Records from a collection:
▽
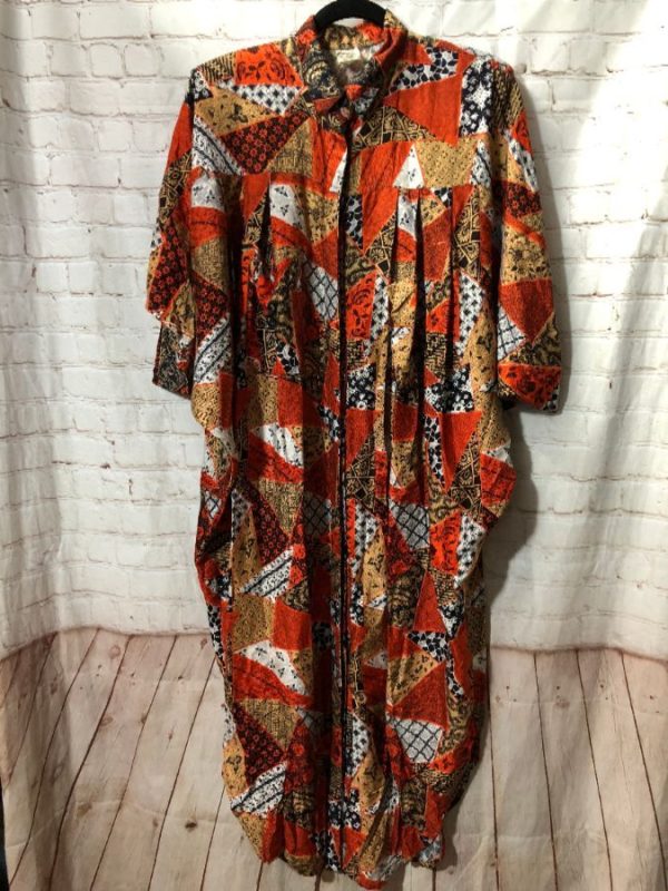 1990’s Sybra kimono, rayon, handmade, multiple funky patterns in patchwork style print design, black/white/orange/tan, size XL
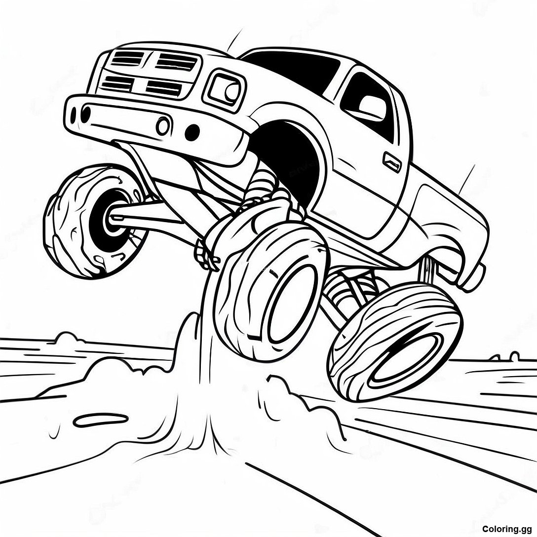 صفحه رنگ آمیزی کامیون هیولا رنگارنگ که از روی ماشین ها می پرد
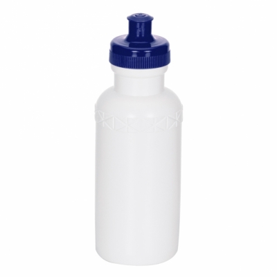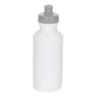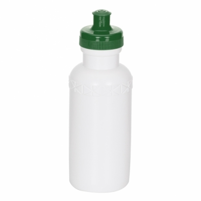 Squeeze 500ml plástico livre de BPA, possui corpo branco com tampa colorida e detalhe em relevo na parte superior. Tampa rosqueável com bico de silicone.
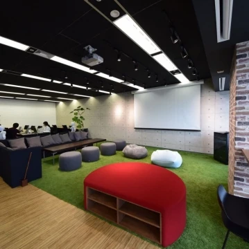 コーポレートカラーを取り入れた、多目的コミュニケーションスペース
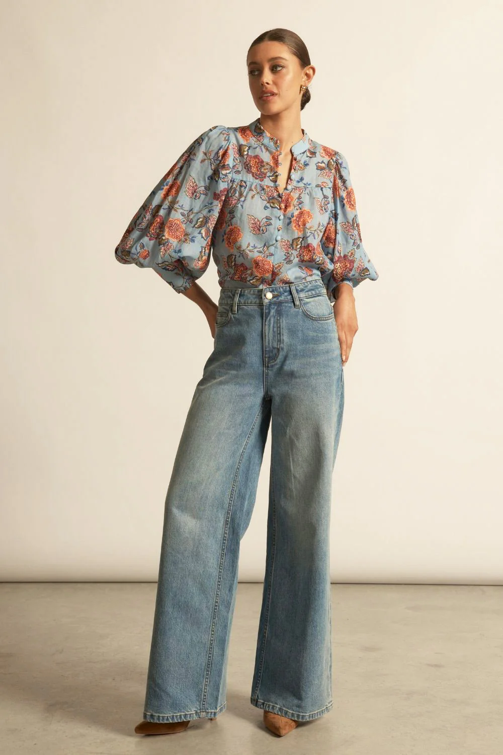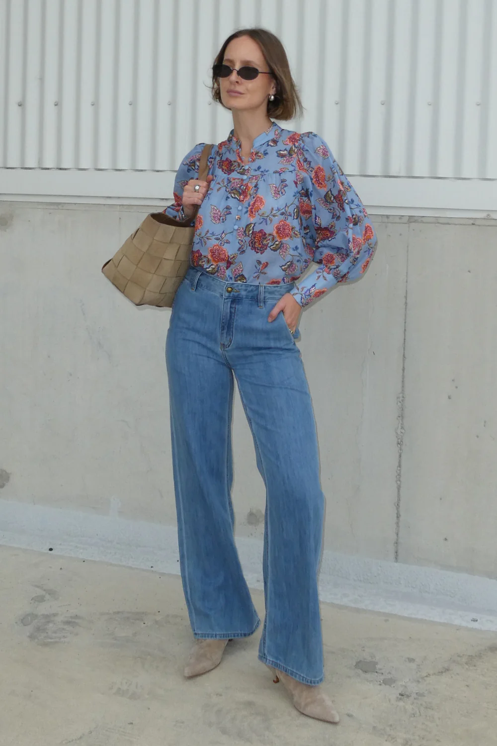 a refined transitional essential. the vista top balances softness and structure for effortless autumn–winter dressing. A cool blue base softened with warm florals, Twilight Bloom feels balanced, feminine, and easy to wear.
△
• [WHAT IS NEEDED]
Could you return all of the entries above exactly, without any images?

• [ANSWER SPACE]
 1990’s Sybra kimono, rayon, handmade, multiple funky patterns in patchwork style print design, black/white/orange/tan, size XL
 صفحه رنگ آمیزی کامیون هیولا رنگارنگ که از روی ماشین ها می پرد
 Squeeze 500ml plástico livre de BPA, possui corpo branco com tampa colorida e detalhe em relevo na parte superior. Tampa rosqueável com bico de silicone.
 コーポレートカラーを取り入れた、多目的コミュニケーションスペース
 a refined transitional essential. the vista top balances softness and structure for effortless autumn–winter dressing. A cool blue base softened with warm florals, Twilight Bloom feels balanced, feminine, and easy to wear.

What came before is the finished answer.